Gravity Waves vs Elastic Sheet: Is the Analogy Productive?

[pervect]

The basic question was inspired by some other recent threads on the "fabric of space". If we imagine a 2-d spatial rubber sheet, how closely can we make its vibrational modes compare to gravity waves (in the limit of non-relativistic velocities).

It's well known that gravity waves locally stretch in one direction and compress in the other, I would assume this would place some constraints on Poisson's ratio of our hypothetical material.

Is this even possible at all, or is the analogy unproductive if we try to take it too seriously? As I recall, there are no spherically symmetric gravity waves, but if we drop a pebble on a sheet, we expect as a primary mode spherically symmetric ripples.

 

[Vanadium 50]

I don't think this will work. The rubber waves are fundamentally dipole in nature and gravitational waves are fundamentally quadrupole.

 

[Ich]

I think you need at least a 3D-body with Poisson's ratio 0.5 to conserve the volume. It wouldn't work, though. Imagine a plane wave: You have deflections proportional to transverse distance, that means arbitrarily large. If you want to simulate this with real, proper acceleration, you have to reduce the frequency accordingly to zero.
I could imagine a quadrupole deformation propagating along a tube, but I'm not sure about this.

 

[m4r35n357]

The basic question was inspired by some other recent threads on the "fabric of space". If we imagine a 2-d spatial rubber sheet, how closely can we make its vibrational modes compare to gravity waves (in the limit of non-relativistic velocities).

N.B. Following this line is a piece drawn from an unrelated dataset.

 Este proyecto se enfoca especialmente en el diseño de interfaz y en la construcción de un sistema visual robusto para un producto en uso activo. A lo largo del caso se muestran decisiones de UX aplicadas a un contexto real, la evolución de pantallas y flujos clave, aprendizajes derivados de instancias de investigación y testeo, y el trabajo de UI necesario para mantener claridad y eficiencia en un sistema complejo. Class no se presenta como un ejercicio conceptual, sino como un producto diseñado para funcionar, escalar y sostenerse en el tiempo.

It's well known that gravity waves locally stretch in one direction and compress in the other, I would assume this would place some constraints on Poisson's ratio of our hypothetical material.

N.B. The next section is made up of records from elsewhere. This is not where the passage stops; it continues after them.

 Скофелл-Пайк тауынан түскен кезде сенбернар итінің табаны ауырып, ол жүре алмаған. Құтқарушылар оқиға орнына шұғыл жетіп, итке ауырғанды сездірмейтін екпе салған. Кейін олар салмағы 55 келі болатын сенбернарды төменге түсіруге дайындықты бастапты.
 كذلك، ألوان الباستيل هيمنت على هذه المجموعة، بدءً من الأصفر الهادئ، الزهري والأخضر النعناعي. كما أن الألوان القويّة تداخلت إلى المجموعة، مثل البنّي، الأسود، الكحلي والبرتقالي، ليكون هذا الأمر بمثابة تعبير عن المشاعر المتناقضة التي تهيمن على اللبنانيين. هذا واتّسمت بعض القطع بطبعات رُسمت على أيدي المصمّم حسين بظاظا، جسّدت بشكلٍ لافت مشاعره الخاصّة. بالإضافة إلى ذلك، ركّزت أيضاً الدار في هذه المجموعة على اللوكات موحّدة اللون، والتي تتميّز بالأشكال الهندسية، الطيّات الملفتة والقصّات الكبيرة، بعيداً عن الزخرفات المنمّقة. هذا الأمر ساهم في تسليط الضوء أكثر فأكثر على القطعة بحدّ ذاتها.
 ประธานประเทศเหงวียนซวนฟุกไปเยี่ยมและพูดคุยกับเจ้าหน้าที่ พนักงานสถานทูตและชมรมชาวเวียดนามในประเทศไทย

Is this even possible at all, or is the analogy unproductive if we try to take it too seriously? As I recall, there are no spherically symmetric gravity waves, but if we drop a pebble on a sheet, we expect as a primary mode spherically symmetric ripples.

http://en.wikipedia.org/wiki/Gravity_wave

Sorry, couldn't resist ;)

 

[haael]

If we imagine a 2-d spatial rubber sheet, how closely can we make its vibrational modes compare to gravity waves

Rubber sheet gets deformed in the dimension perpendicular to the sheet and is a good model of a scalar field.

Sound waves are displacements in the dimension(s) parallel to the sheet, so they are a good model of a vector field.

Gravitational waves are a spin-2 tensor field. The best analogy I saw looks like the metal net used for fences:

Its modes of vibration look a bit like that:

This is the closest analogy of a spin-2 wave I know.

Now if someone could give me a real life analogy of a spinor wave my life will be complete :).